Records excerpted from a collection:

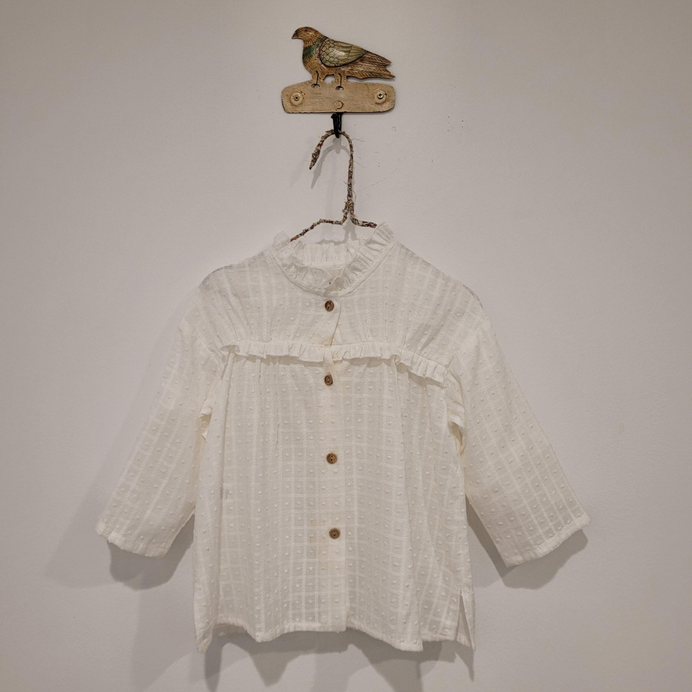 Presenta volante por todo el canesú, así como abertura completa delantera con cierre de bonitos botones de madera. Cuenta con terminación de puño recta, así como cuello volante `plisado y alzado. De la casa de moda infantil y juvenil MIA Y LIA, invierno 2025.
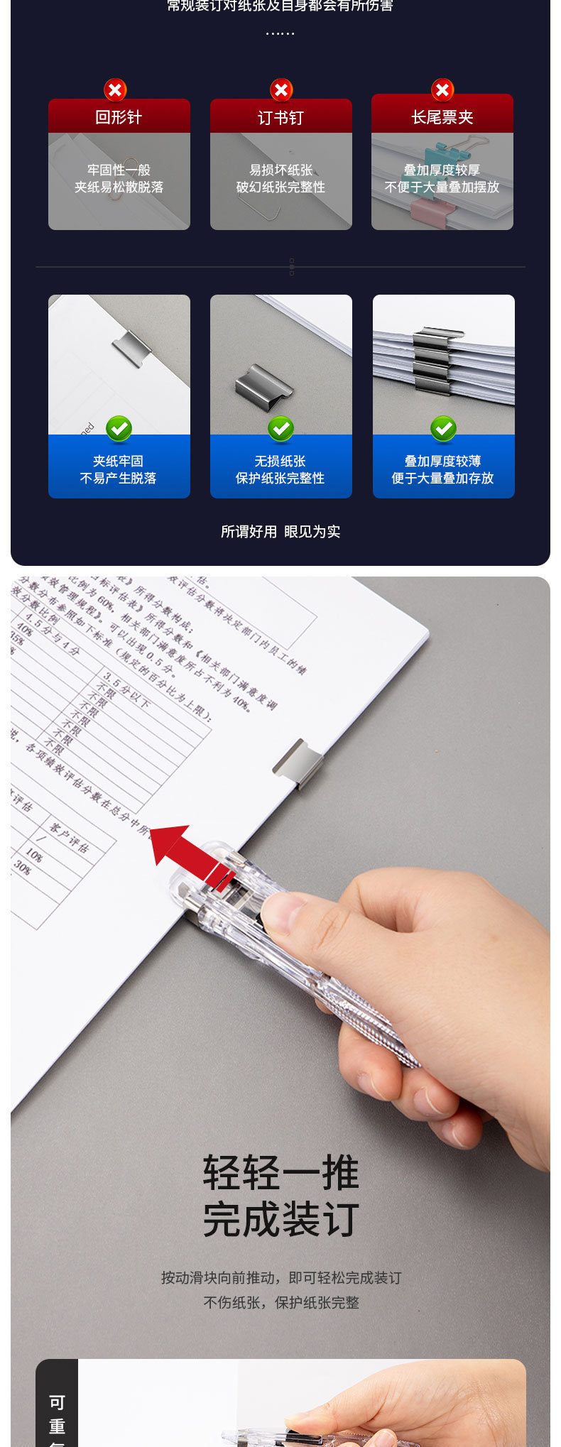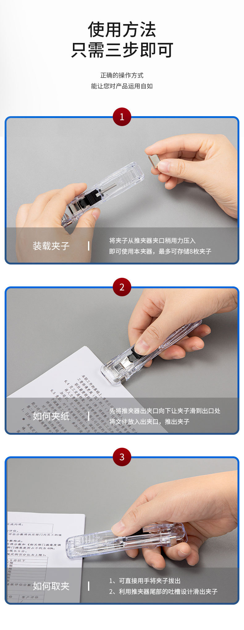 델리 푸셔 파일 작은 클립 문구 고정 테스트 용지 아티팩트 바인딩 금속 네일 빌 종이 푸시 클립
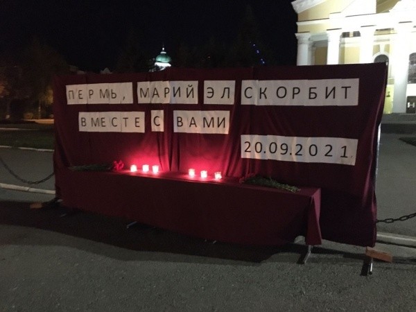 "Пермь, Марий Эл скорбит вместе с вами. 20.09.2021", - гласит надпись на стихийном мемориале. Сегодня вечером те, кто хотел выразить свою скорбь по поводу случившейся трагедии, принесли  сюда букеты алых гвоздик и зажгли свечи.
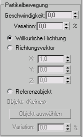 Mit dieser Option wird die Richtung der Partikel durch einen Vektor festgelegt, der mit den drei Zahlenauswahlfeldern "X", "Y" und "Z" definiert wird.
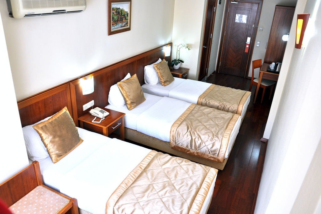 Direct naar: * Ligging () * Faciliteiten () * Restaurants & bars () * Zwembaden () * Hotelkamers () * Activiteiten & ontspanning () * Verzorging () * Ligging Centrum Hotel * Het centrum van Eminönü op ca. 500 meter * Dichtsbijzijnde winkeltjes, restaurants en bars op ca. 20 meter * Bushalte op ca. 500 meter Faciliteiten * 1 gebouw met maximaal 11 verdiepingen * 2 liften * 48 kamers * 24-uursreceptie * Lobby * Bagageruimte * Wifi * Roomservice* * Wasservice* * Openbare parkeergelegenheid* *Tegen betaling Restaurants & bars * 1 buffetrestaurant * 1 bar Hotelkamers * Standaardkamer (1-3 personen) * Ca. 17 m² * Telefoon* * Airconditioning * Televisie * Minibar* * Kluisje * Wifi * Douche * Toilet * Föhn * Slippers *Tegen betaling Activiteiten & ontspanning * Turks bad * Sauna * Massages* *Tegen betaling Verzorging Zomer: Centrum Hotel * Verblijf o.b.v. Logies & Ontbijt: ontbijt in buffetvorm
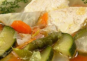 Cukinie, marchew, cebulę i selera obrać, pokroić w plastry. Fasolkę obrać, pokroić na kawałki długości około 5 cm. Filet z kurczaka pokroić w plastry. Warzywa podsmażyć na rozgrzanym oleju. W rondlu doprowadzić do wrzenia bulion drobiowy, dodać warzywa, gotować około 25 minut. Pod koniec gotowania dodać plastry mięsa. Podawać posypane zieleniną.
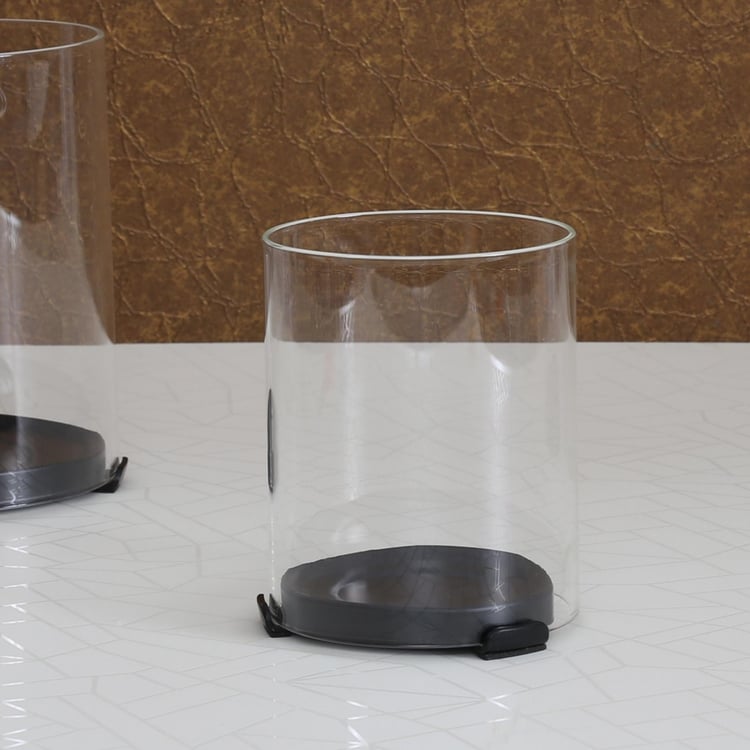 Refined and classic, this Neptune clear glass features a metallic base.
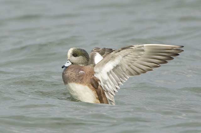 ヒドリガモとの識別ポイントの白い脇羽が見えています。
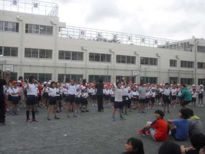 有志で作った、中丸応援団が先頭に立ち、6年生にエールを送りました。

*Exercise details*
Output the whole of the data, unchanged; keep the pictures out.

*Answer space*
 Presenta volante por todo el canesú, así como abertura completa delantera con cierre de bonitos botones de madera. Cuenta con terminación de puño recta, así como cuello volante `plisado y alzado. De la casa de moda infantil y juvenil MIA Y LIA, invierno 2025.
 델리 푸셔 파일 작은 클립 문구 고정 테스트 용지 아티팩트 바인딩 금속 네일 빌 종이 푸시 클립
 "Пермь, Марий Эл скорбит вместе с вами. 20.09.2021", - гласит надпись на стихийном мемориале. Сегодня вечером те, кто хотел выразить свою скорбь по поводу случившейся трагедии, принесли  сюда букеты алых гвоздик и зажгли свечи.
 Mit dieser Option wird die Richtung der Partikel durch einen Vektor festgelegt, der mit den drei Zahlenauswahlfeldern "X", "Y" und "Z" definiert wird.
 Direct naar: * Ligging () * Faciliteiten () * Restaurants & bars () * Zwembaden () * Hotelkamers () * Activiteiten & ontspanning () * Verzorging () * Ligging Centrum Hotel * Het centrum van Eminönü op ca. 500 meter * Dichtsbijzijnde winkeltjes, restaurants en bars op ca. 20 meter * Bushalte op ca. 500 meter Faciliteiten * 1 gebouw met maximaal 11 verdiepingen * 2 liften * 48 kamers * 24-uursreceptie * Lobby * Bagageruimte * Wifi * Roomservice* * Wasservice* * Openbare parkeergelegenheid* *Tegen betaling Restaurants & bars * 1 buffetrestaurant * 1 bar Hotelkamers * Standaardkamer (1-3 personen) * Ca. 17 m² * Telefoon* * Airconditioning * Televisie * Minibar* * Kluisje * Wifi * Douche * Toilet * Föhn * Slippers *Tegen betaling Activiteiten & ontspanning * Turks bad * Sauna * Massages* *Tegen betaling Verzorging Zomer: Centrum Hotel * Verblijf o.b.v. Logies & Ontbijt: ontbijt in buffetvorm
 Cukinie, marchew, cebulę i selera obrać, pokroić w plastry. Fasolkę obrać, pokroić na kawałki długości około 5 cm. Filet z kurczaka pokroić w plastry. Warzywa podsmażyć na rozgrzanym oleju. W rondlu doprowadzić do wrzenia bulion drobiowy, dodać warzywa, gotować około 25 minut. Pod koniec gotowania dodać plastry mięsa. Podawać posypane zieleniną.
 Refined and classic, this Neptune clear glass features a metallic base.
 ヒドリガモとの識別ポイントの白い脇羽が見えています。
 有志で作った、中丸応援団が先頭に立ち、6年生にエールを送りました。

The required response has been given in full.